Many people desperately need the kind of information I can provide from my expertise. Scientists who study autism certainly do, because I think a great many misunderstandings about autism are promulgated because a behaviorist approach is being taken to study autism. Special Education teachers especially need to understand their students from my perspective. Perhaps especially those who are dealing with nonverbal students.

For example, I have been substitute teaching lately, and I almost always pick the SpEd positions. Which keeps me working. Of course, these positions are always with either a teacher or a paraprofessional in the classroom, so I am really mostly backup for the person who knows what they’re doing with that classroom. Taking these positions means I have gotten to observe students across the spectrum as well as what happens in SpEd classrooms up close and personal. While everyone working in the SpEd classes I’ve been in are doing their very best, their very best does not have a foundation in a real understanding of their students–perhaps especially their autistic students.

A recent example of this involved a non-verbal autistic girl at a high school. The teacher (I was subbing for the paraprofessional) said she thought the girl should get her hearing checked because when she was watching a video on the computer with the headphones on, she would always turn the volume way up.
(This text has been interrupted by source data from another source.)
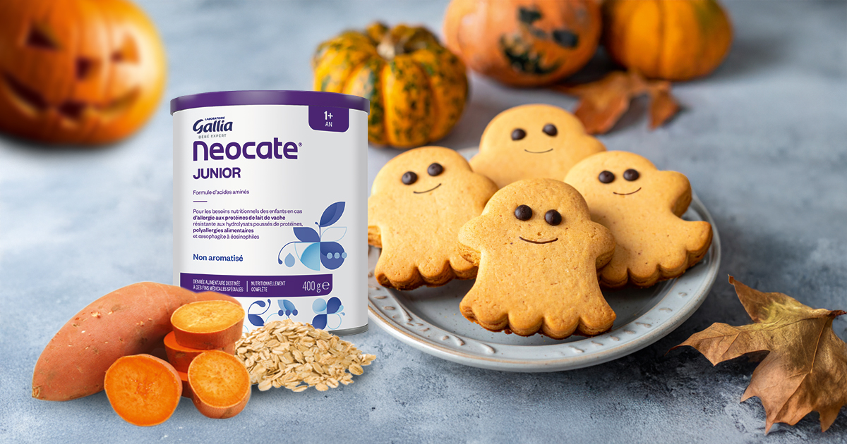 Votre médecin a prescrit Neocate® Junior à votre enfant ? Nutricia vous propose des fantômes croquants à la patate douce pour célébrer Halloween ! De délicieux biscuits réalisés avec des flocons d’avoine et de la patate douce, façonnés en adorables petits fantômes. Une recette ludique et gourmande qui fera frissonner de plaisir votre petit bout.
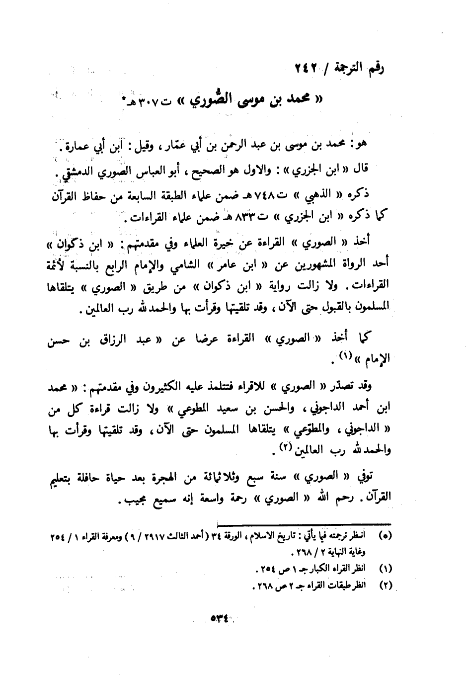 رقم الترجمة/ 242 «محمد بن موسى الصّوري» ت 307 هـ (¬1)
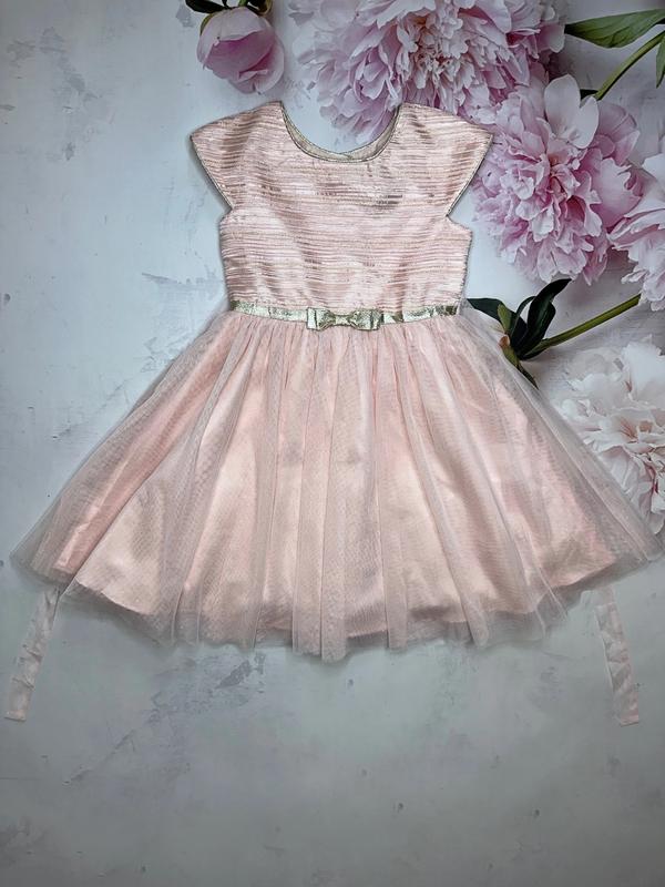 Пишне плаття рожевого кольору. Застібається ззаду на ґудзики та на талії зав'язується бантик. Стан ідеально 🏷️Jon's Michelle 7 років Довжина 70 (25). ПОГ 33.
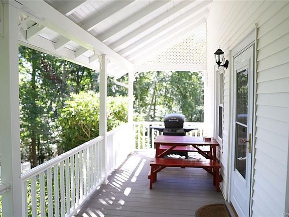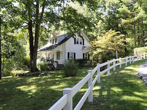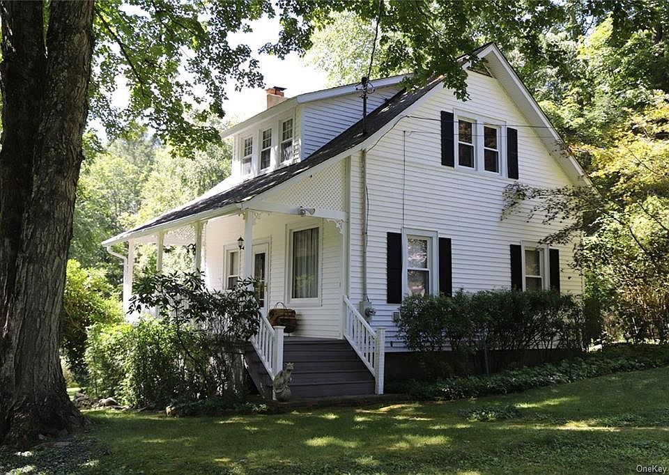 It doesn't get much sweeter than this! Nestled privately on 2 park-like acres, this quintessential country home is surrounded by stone walls and bordered by a stream. The sun dappled yard has stunning rock outcroppings and several gardens of flowers, ferns, fruit trees and best of all--listen to the soothing sounds of flowing water. You'll feel instantly at home inside--it is cozy and pristine. Welcoming hardwood floors, fireplace with woodstove insert, formal dining room and kitchen with brand-new stainless refrigerator and dishwasher. Upstairs there are two bedrooms and a renovated full bath. Lots of light pouring in the windows with views of mature trees for shade. On the lower level there is a heated laundry and utility room, workshop area and a sweet half bath. The additional space is wired for electric and could become whatever you want. Walk out basement leads to a bluestone patio just waiting for dinner and friends. The house has cable, so come and work from home. Exhale!
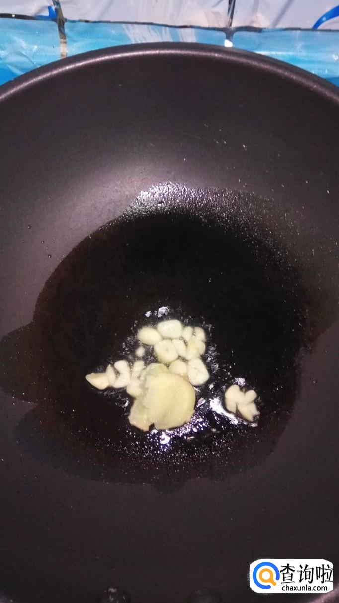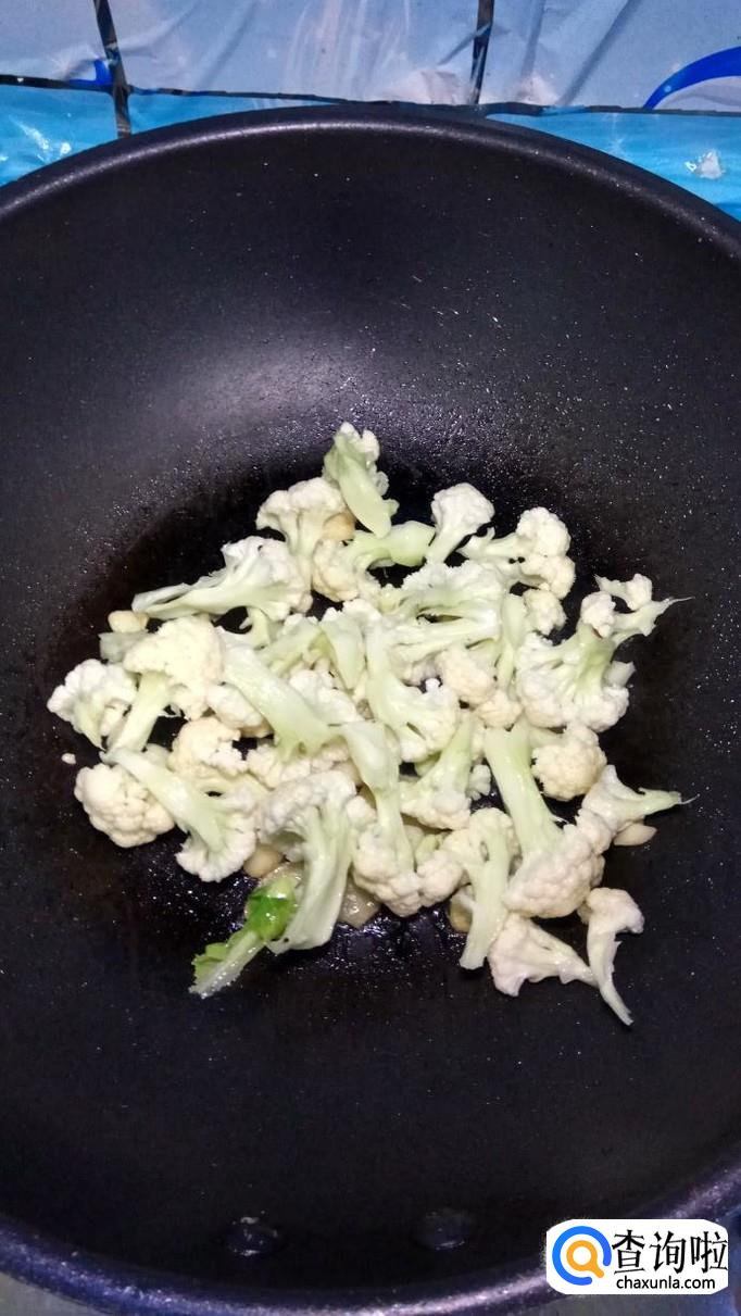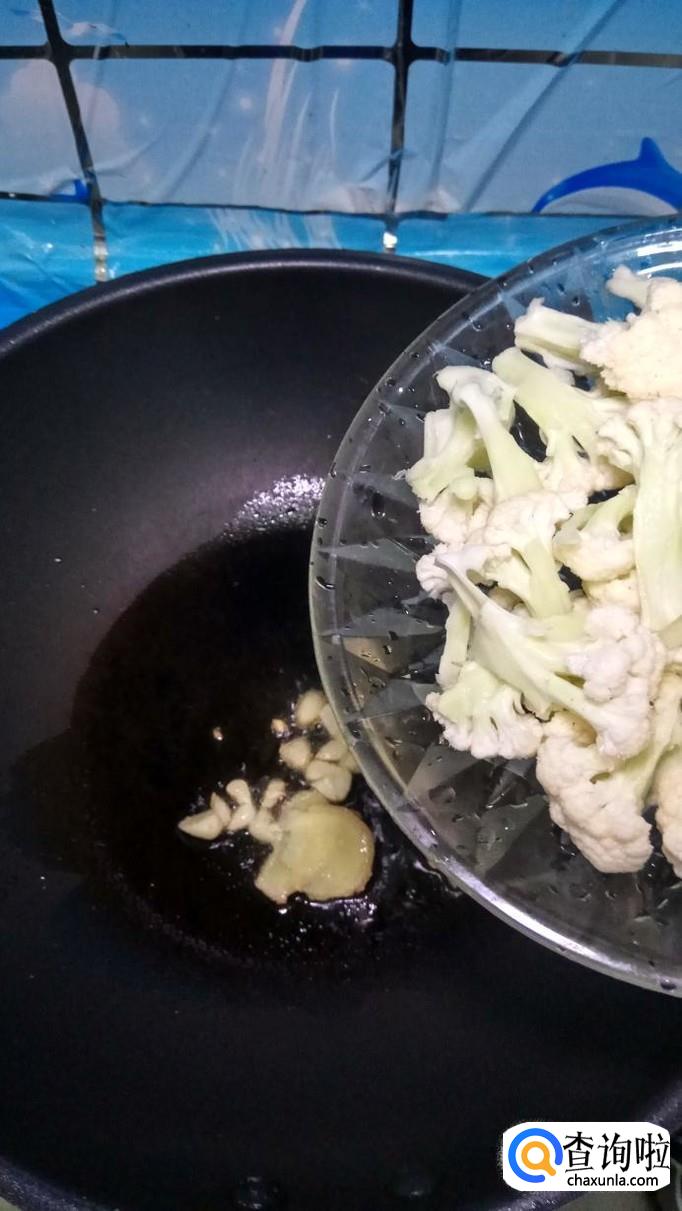 炒锅中放入适量油,油热后放入蒜片爆香,然后将花菜放入锅中翻炒两分钟。

I pointed out that autistic hearing is actually backwards to neurotypical hearing. For a neurotypical person, the brain turns down the volume on background sounds in order to hear the foreground sounds better. This is sort of the very definition of focus.

With autistic hearing, there is no distinction between background and foreground–and often, we hear the background better than the foreground sounds. To hear the TV when everyone is at home and making noise, I have to turn the TV up to around 80 (out of 100), but when everyone is in bed and there’s no noise whatsoever in the house, I can hear the TV perfectly at 23. Daniel’s hearing is so sensitive that, when he was around 4-5 years old, he would cry that he couldn’t go to sleep because he could hear the airplanes overhead. While we live in the Dallas metroplex, we don’t live anywhere near either of the airports. You wouldn’t hear them.

Once I explained these things to the teacher, she understood what was going on. And she further told me that that explained a few other things, though she didn’t go into detail about those other things with me. Indeed, understanding the autistic experience of the world does go a long way to explaining many of our behaviors. Those experiences are fairly universal, even if they are on a spectrum. But if you understand even the cases that don’t result in someone who is non-verbal and not potty trained as an adult, you will understand many of the behaviors of those at the most extreme end of the spectrum.

So yes, I am an expert in autism. I am the kind of expert people ought to be searching out precisely because my expertise isn’t just academic, but equally experiential as well.